The electrode array 200 also includes the third electrode 230, electrically connected to the first electrodes 210 and isolated from the second electrode 220. The third electrode 230 surrounds the second electrode 220 with a space of about 80 to 100 micrometers. Many third projections 232 are also evenly disposed on the third electrode 230 and toward the second electrode 220. In addition, the second projection 222 has two tips; one tip is positioned toward the first electrode 210, and the other tip is positioned toward the third electrode 230. Thus, cells would line up between the second projection 222 and the third projection 232.

The third electrode 230 preferably is an arc-shaped conductor, and the first electrode 210 is located at the center of the arc-shaped conductor. The third projections 232 appear along the third electrode 230 every π/16 radian angle.

Radiate cell pattern constructed by more cells can be achieved as long as the electrode array of the present embodiment is expanded to form a multiple concentric-ring electrode array. The first electrode 210 is at the center of the electrode array. The odd-order ring electrodes are electrically connected to the first electrode 210, and the even-order ring electrodes are electrically connected to the second electrode 220. Projections are disposed on the each electrode rings. The projections on the electrode would be distributed more densely if the electrode is positioned at the periphery of the electrode array. For example, projections of the electrode (i.e. fourth electrode) disposed outside the third electrode 230 appear along the electrode (i.e. fourth electrode) every π/32 radian angle

Referring to attachment 1, showing a simulation result for the root mean square of ac electric field (E_square) for the electrode array of the second embodiment when numerical simulation of DEP induced by applying the potentials of 5 Vpk-pk at 1 MHz is applied thereto. The tips of the first, second and third projections repeatedly provide numerous local gradient maximum of electric field (labeled as pink and red) when applying potentials to the first electrode 210 and the second electrode 220. Due to positive DEP effect, the cells, under appropriate ac potentials, could be guided from the lower electric-field region to the higher electric-field region. As a result, the cells could be attracted by the field induced DEP and from the precise radiate pattern. Proven by following experiments, the bioartificial tissue mimicking hepatic lobule, in which hepatocytes and liver sinusoid endothelial cells are arranged in an radiate pattern and alternative order, is achieved with use of the electrode array of the second embodiment.
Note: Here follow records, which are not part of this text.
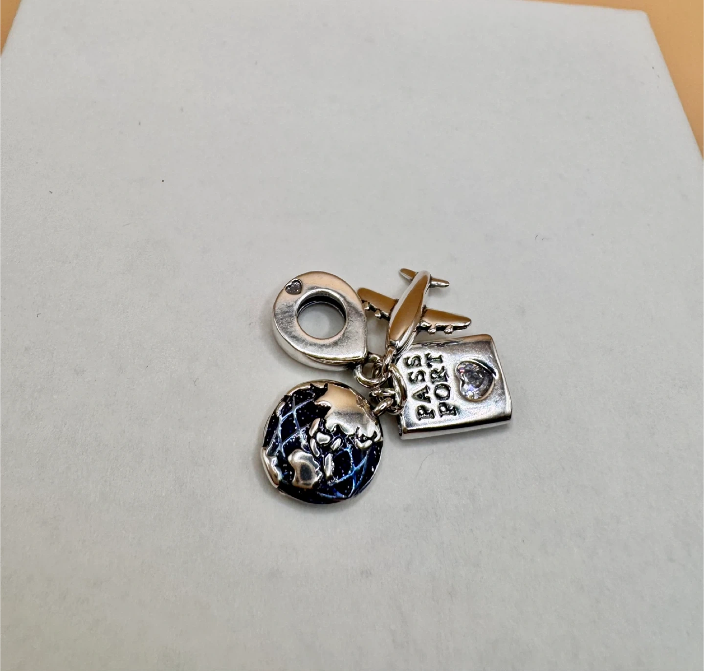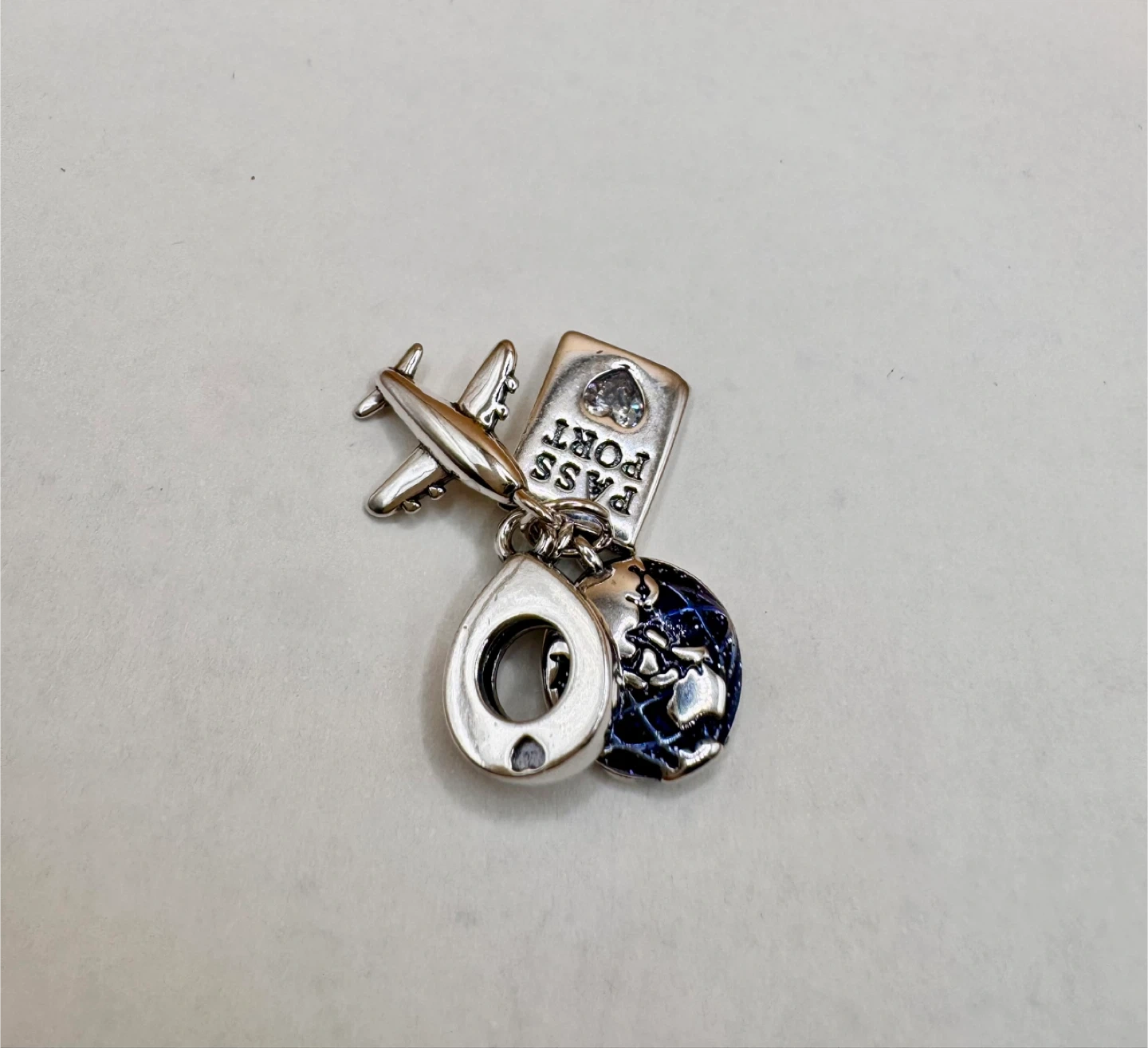 Sterling silver 925 travel charm featuring an airplane, a globe, and a passport with "PASS PORT" engraving. Includes a sparkling accent on the passport. Adds a touch of wanderlust to your bracelet!
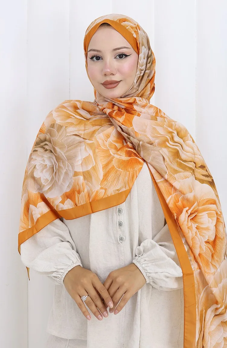 Pamuklu Desenli Koza Şal 70322-07 Taba
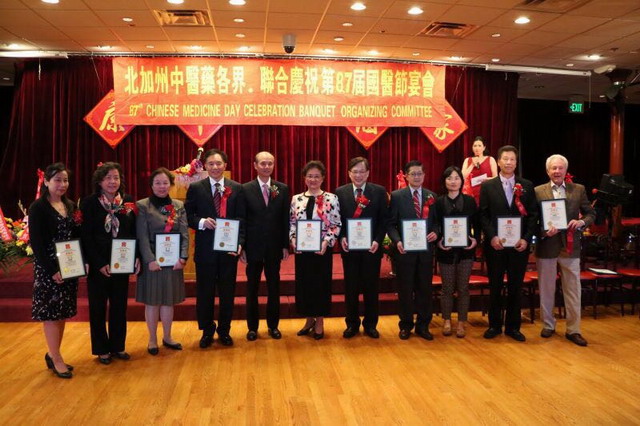 旧金山当地时间4月17日,杏林春风再度吹拂旧金山, 旧金山国际中医药学术交流研讨会暨第八十七届国医节庆典活动分别在旧金山市中心万豪酒店和旧金山华埠康年大酒家隆重举行,可谓神奇中医走俏大洋彼岸,中华文明得以全球传承。 旧金山国际中医药学术交流研讨会是国医节的重点活动之一,由美国中医公会、加州中国医学研究院主办,中国云南省中医学会、beat365英国官网网站、华夏中医药发展基金会、中国卫生与健康促进会国际交流处协办,沈华舒医师主持了研讨会。 研讨会的主题为:回顾、继承、展望、创新、共绘世界中医药发展新蓝图。来自中美两国的中医药专家、学者、从业员近300人出席了研讨会。黄宪生会长致开幕词表示,旧金山国际中医药学术交流研讨会从 2005 年开始已连续成功举办了 11 年,成为加州一年一度的中医药学术盛会,并在国际上中医界有越来越高的影响和声誉。会议对促进加州中医界学术水平的提高,对促进国际中医药的学术交流和发展都有很好作用。今年的会议,将有十几位中医药专家向大家介绍自己宝贵的临床经验、科研成果和探讨中医药在世界发展的策略。一定会使每个与会代表受益良多。 云南中医药学会会长郑进演讲“兰茂医学与云南中医学”、beat365英国官网网站副校长许能贵教授演讲“针灸医学发展的现状及展望”。 加州众议员邱信福代表陈冠雄向主协办方代表颁发贺状,美国国会议员赵美心莅临研讨会介绍联邦针灸福利法案,呼吁各方大力支持。 由美国中医公会执行主办、美国中药联商会、美洲中医学院、加州中医药大学、美洲中国文化医药大学,国际医药大学,河洛医科大学共同主办的北加州中医药各界联合庆祝第八十七届国医节晚宴在旧金山华埠康年大酒家隆重举行。 中国驻旧金山总领事罗林泉出席并发表讲话,国医节筹委会执行主席、美国中医公会会长黄宪生以国医节主题:“继承发扬国医节精神、捍卫拓展中医药事业”发表演讲。

Cell culture and medium are explicated as follows. Human liver cell line, HepG2 (ATCC, HB8065) and Human umbilical vein endothelial cells (HUVECs) are adopted to this experiment. Human liver cell line, HepG2 is maintained at 37° C. with 95%/5% air/CO₂ in Iscove's modified Dulbecco medium (IMDM, Gibco-BRL, NY) containing 10% (v/v) heat-inactivated fetal bovine serum (FBS, Biological Industries, Israel) and antibiotics (100 U/ml penicillin and 100 U/ml streptomycin, Sigma-Aldrich Co., MO). HUVECs are maintained in M200 medium supplemented with low serum growth supplement (LSGS). For observation of heterogeneous-cell patterning, HepG2 and HUVECs are pre-labeled with biocompatible fluorescent dyes, Dio (green) and Dil (red), for the identification at eh excitation/emission wavelengths of 488/520 nm and 530/565 nm, respectively.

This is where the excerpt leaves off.